Il Santo Padre all'Udienza generaleAll'Udienza generale presenta la preghiera di Mosè che prefigura quella di Gesù

ROMA, mercoledì, 1° giugno 2011 (ZENIT.org).- L'uomo deve riuscire a vincere la tentazione di costruirsi un “dio comprensibile” e fissare lo sguardo sulla croce che è la più alta espressione della preghiera.

Nel corso dell’Udienza generale di mercoledì in piazza San Pietro, Benedetto XVI ha ricordato l’episodio del “vitello d’oro” raccontato nel Libro dell’Esodo, quando al Sinai, “stanco di un cammino con un Dio invisibile”, ora che anche “Mosè, il mediatore, è sparito”, il popolo chiede “una presenza tangibile”, un 'dio' “accessibile, manovrabile, alla portata dell’uomo”.

“È questa – ha spiegato il Papa – una tentazione costante nel cammino di fede: eludere il mistero divino costruendo un dio comprensibile, corrispondente ai propri schemi, ai propri progetti. Quanto avviene al Sinai mostra tutta la stoltezza e l’illusoria vanità di questa pretesa perché, come ironicamente afferma il Salmo 106, ‘scambiarono la loro gloria con la figura di un toro che mangia erba’”.

Con la minaccia della punizione, ha raccontato il Papa, Dio spinge quindi Mosè a intercedere per il popolo fuggito dall’Egitto, per poterlo poi perdonare e portare così a compimento l’opera di salvezza e manifestare la sua vera realtà.

“La preghiera di intercessione - ha sottolineato il Santo Padre - rende operante, dentro la realtà corrotta dell’uomo peccatore, la misericordia divina, che trova voce nella supplica dell’orante e si fa presente attraverso di lui lì dove c’è bisogno di salvezza”.

“Questa è la salvezza di Dio, che implica misericordia, ma insieme anche denuncia della verità del peccato – ha continuato –, del male che esiste, così che il peccatore, riconosciuto e rifiutato il proprio male, possa lasciarsi perdonare e trasformare da Dio. La preghiera di intercessione rende così operante, dentro la realtà corrotta dell’uomo peccatore, la misericordia divina, che trova voce nella supplica dell’orante e si fa presente attraverso di lui lì dove c’è bisogno di salvezza”.

“L’opera di salvezza iniziata – ha continuato il Pontefice – deve essere completata; se Dio facesse perire il suo popolo, ciò potrebbe essere interpretato come il segno di un’incapacità divina di portare a compimento il progetto di salvezza. Dio non può permettere questo: Egli è il Signore buono che salva, il garante della vita, è il Dio di misericordia e perdono, di liberazione dal peccato che uccide. E così Mosè fa appello a Dio, alla vita interiore di Dio contro la sentenza esteriore”.

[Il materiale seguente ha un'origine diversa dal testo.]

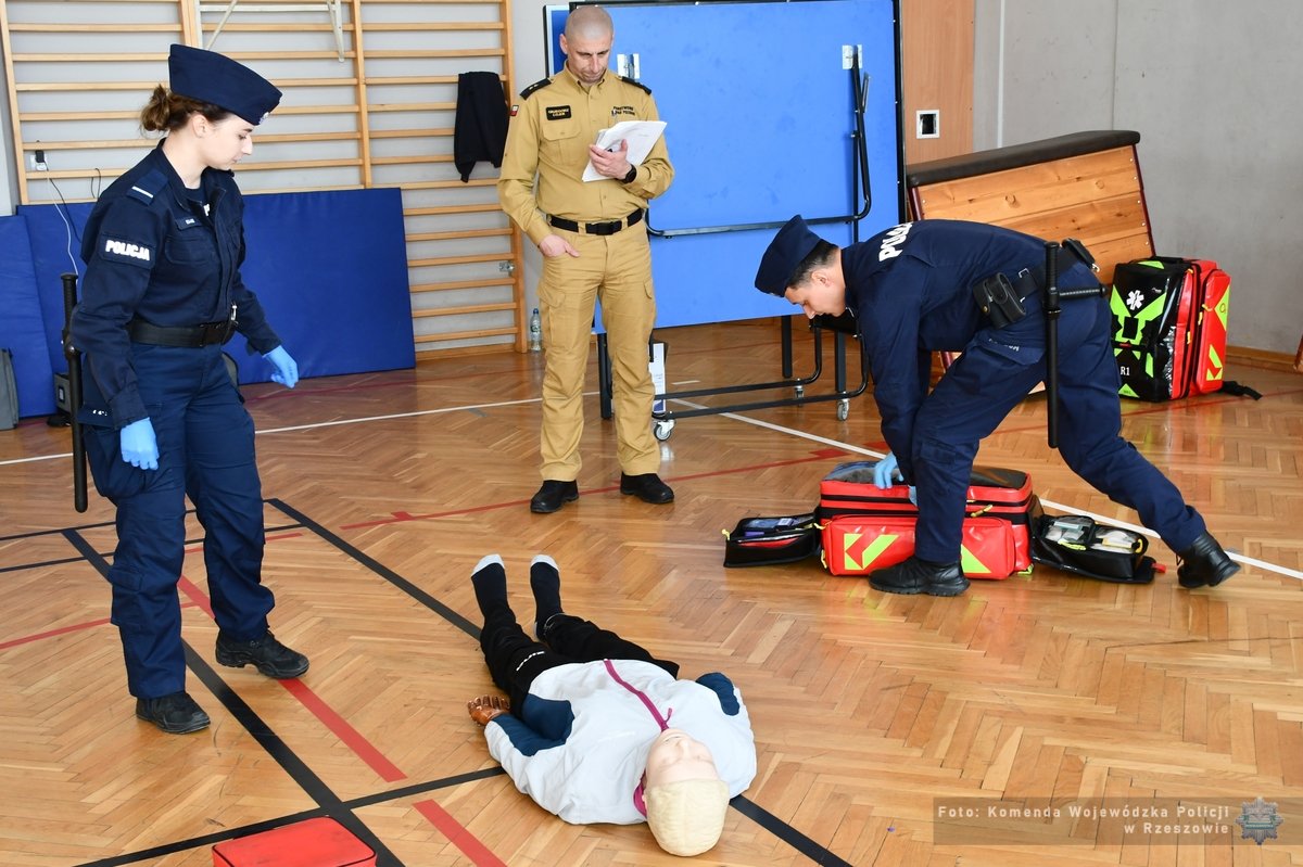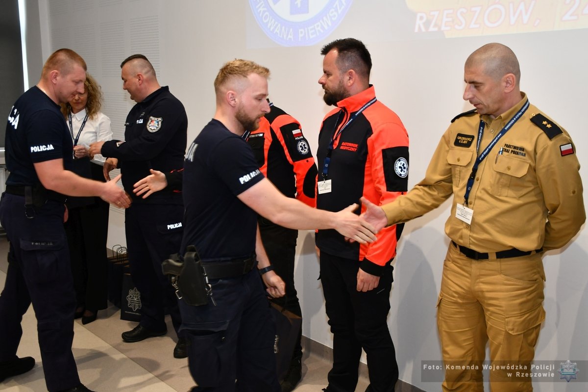 Dyplomy i nagrody najlepszym drużynom wręczył podinsp. Piotr Stępka, Zastępca Komendanta Wojewódzkiego Policji w Rzeszowie. Podziękował za organizację eliminacji wojewódzkich i złożył gratulacje wszystkim uczestnikom zawodów, podkreślając, że każdy jest wygranym, ponieważ biorąc udział w takim wydarzeniu, zyskuje cenną wiedzę i umiejętności pozwalające na skuteczne niesienie pomocy oraz ratowanie życia i zdrowia ludzi.

Mosè, ha proseguito il Papa, non è dunque preoccupato solamente della salvezza del suo popolo, bensì del “nome” di Dio, che cioè la sua promessa si riveli in tutta la sua “verità”: “L’intercessore infatti vuole che il popolo di Israele sia salvo, perché è il gregge che gli è stato affidato, ma anche perché in quella salvezza si manifesti la vera realtà di Dio”.

Nel chiedere di perdonare Israele, Mosè “si appella alla fedeltà di Dio”, senza minimamente di preoccuparsi di se stesso. Mosè, dice, è “mediatore di vita”, l’intercessore “che solidarizza con il suo popolo” e “si appella alla gratuità di Dio: un Dio libero, totalmente amore, che non cessa di cercare chi si è allontanato, che resta sempre fedele a se stesso e offre al peccatore la possibilità di tornare a Lui e di diventare, con il perdono, giusto e capace di fedeltà”.

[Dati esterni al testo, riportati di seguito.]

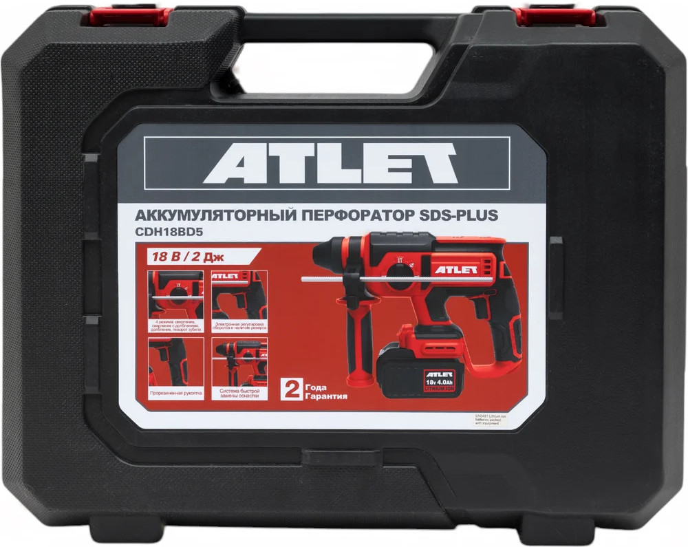Atlet Перфоратор CDH18BD5В данный момент этот товар отсутствует в продаже. Возможно, у нас найдется аналогичный или похожий товар здесь. Аккумуляторный перфоратор Atlet CDH18BD5 18 В предназначен для выполнения широкого спектра задач с использованием режима сверления с ударом, а прочная конструкция позволяет справляться с более сложными работами. Он оснащен двумя съемными литий-ионными аккумуляторами и зарядным устройством. Высокоэффективный бесщеточный мотор повышает мощность, увеличивает время работы и срок службы оборудования. Перфоратор оснащен патроном SDS-Plus и обладает силой удара 2 Дж, что позволяет работать с твердым бетоном или кирпичной кладкой, обеспечивая мощность не уступающую сетевому инструменту. Дрель предлагает 4 универсальные функции: сверление, сверление с ударом, долбление и свободный поворот оснастки. Встроенная светодиодная подсветка расширяет возможности работы в темных условиях. Комфорт и контроль также повышаются благодаря анти-вибрационному дизайну и ребристой накладке на рукоятке. |

“In Mosè – ha detto ancora il Papa –, che sta sulla cima del monte faccia a faccia con Dio e si fa intercessore per il suo popolo e offre se stesso […] i Padri della Chiesa hanno visto una prefigurazione di Cristo, che sull'alta cima della croce realmente sta davanti a Dio, non solo come amico ma come Figlio”.

“La sua intercessione – ha evidenziato – è non solo solidarietà, ma identificazione con noi: porta tutti noi nel suo corpo. E così tutta la sua esistenza di uomo e di Figlio è grido al cuore di Dio, è perdono, ma perdono che trasforma e rinnova”.

Al termine della catechesi, nel salutare i pellegrini presenti, parlando in lingua croata il Papa ha fatto cenno all’imminente viaggio apostolico a Zagabria, in programma il 4 e 5 giugno prossimi per la Giornata delle famiglie cattoliche: “Mentre attendo con gioia questo incontro, vi invito a pregare affinché il mio viaggio in quella cara terra porti molti frutti spirituali e le famiglie cristiane siano sale della terra e luce del mondo”.